En fin, sólo me queda aclarar, respecto del trabajo de Silvina Jensen, que cuando utiliza una cita trunca de mi libro Carta abierta de un expatriado a sus compatriotas podría transmitir la falsa impresión de que yo aprobaba la idea de crear una "internacional de sudacas", lanzada por Mario Benedetti. Jamás me habría incorporado a un club que tuviera por socio a Benedetti, que fue apologista de la guerrilla tupamara y burócrata al servicio de la dictadura castrista, ni a otros que compartieran su ideología. La única internacional con la que me identifico es la que descansa sobre las bases de la civilización occidental.
Una sociedad muy receptiva
Los imanes de las mezquitas y los ideólogos de la revolución fallida no son los únicos, empero, que intentan secuestrar la autonomía individual del inmigrante para gobernar sus actos. En Cataluña, los adoctrinadores nacionalistas, tan activos en el aparato del tripartito como en el de la Generalitat convergente, también desarrollan una campaña encaminada a segregar al inmigrante de la sociedad española para convertirlo en cautivo de su enclave sectario.

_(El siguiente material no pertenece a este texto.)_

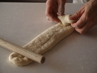 10〜12.生地が伸びたら麺棒で重石をして手前からくるくる巻いていきます。巻き終わりは、指先で生地をつまみくっつける感じです。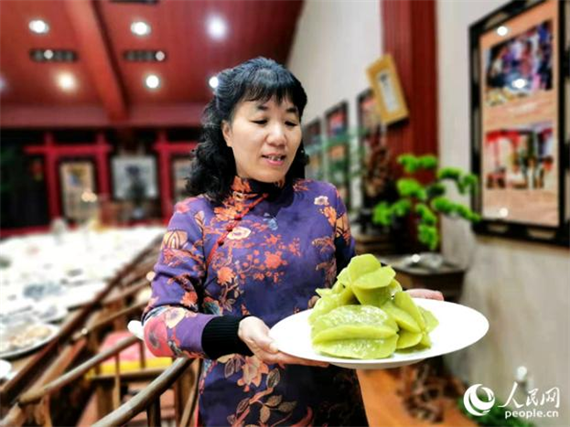 寿山石雕刻家叶秦展示自己创作的“满汉全席”。人民网 林晓丽摄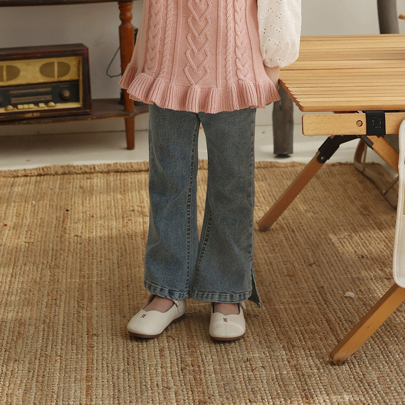 Girl Jeans 2021 Spring New Products Children Open Fork Pants Casual 100 Hitch Fascia Korean Version Long Pants Personality

Yo soy un animal político, que a los 15 años ya repartía, en la calle, octavillas de la Unión Democrática enfrentada con el peronismo. Después pasé por etapas de obnubilación izquierdista, hasta que me reencontré con el centro liberal y democrático. Cuando desembarqué en Barcelona busqué dónde situarme, desde el punto de vista político, y concurrí a la manifestación de la Diada de septiembre de 1977 y a la que acompañó el regreso de Josep Tarradellas. Estaba decidido a integrarme en la sociedad de acogida y comprobé, con alegría, que esta sociedad era muy receptiva.

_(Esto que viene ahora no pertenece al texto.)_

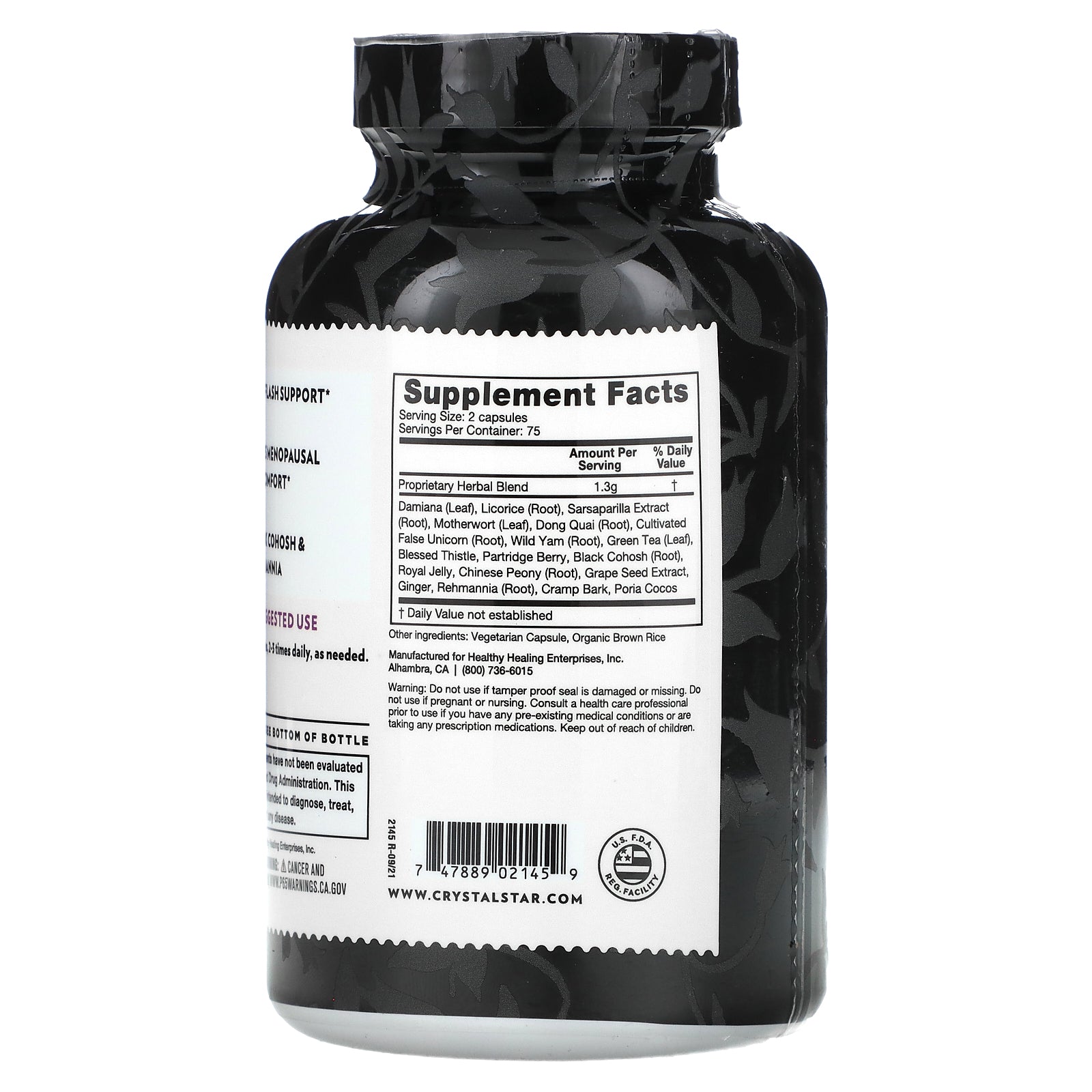 Ease hot flashes and menopause discomfort with Black Cohosh, Rehmannia, Damiana & Licorice

Trabé amistad con vecinos y con compañeros de trabajo. Hablaba y hablo únicamente en castellano, aunque leo perfectamente en catalán a Miquel Porta Perales, a Joan-Lluís Marfany y a Josep M. Fradera, y jamás me sentí discriminado en mi círculo de relaciones. Distinto es el caso de la élite gobernante nacionalista, que asienta su poder sobre los esfuerzos por catequizar a los ciudadanos, discriminando a los refractarios, sean éstos nativos o foráneos. La sociedad va por un lado y la élite va por otro, y yo afortunadamente puedo marchar con la primera. Es a esto a lo que llamo integrarse. Y fruto de esta integración, desprovista de obsecuencia y mimetismo, fueron mi libro Por amor a Cataluña. Con el nacionalismo en la picota y mi toma de posición, en muchos artículos periodísticos, a favor de Felipe González, primero, y de José María Aznar y Mariano Rajoy, a partir de 1996.
Repito que soy un animal político, creo haber sido un buen inmigrante, y no me arrepiento de haber asumido los compromisos que mi condición de nuevo ciudadano me imponía. No soy un modelo, pero tampoco soy un mal ejemplo para los recién llegados.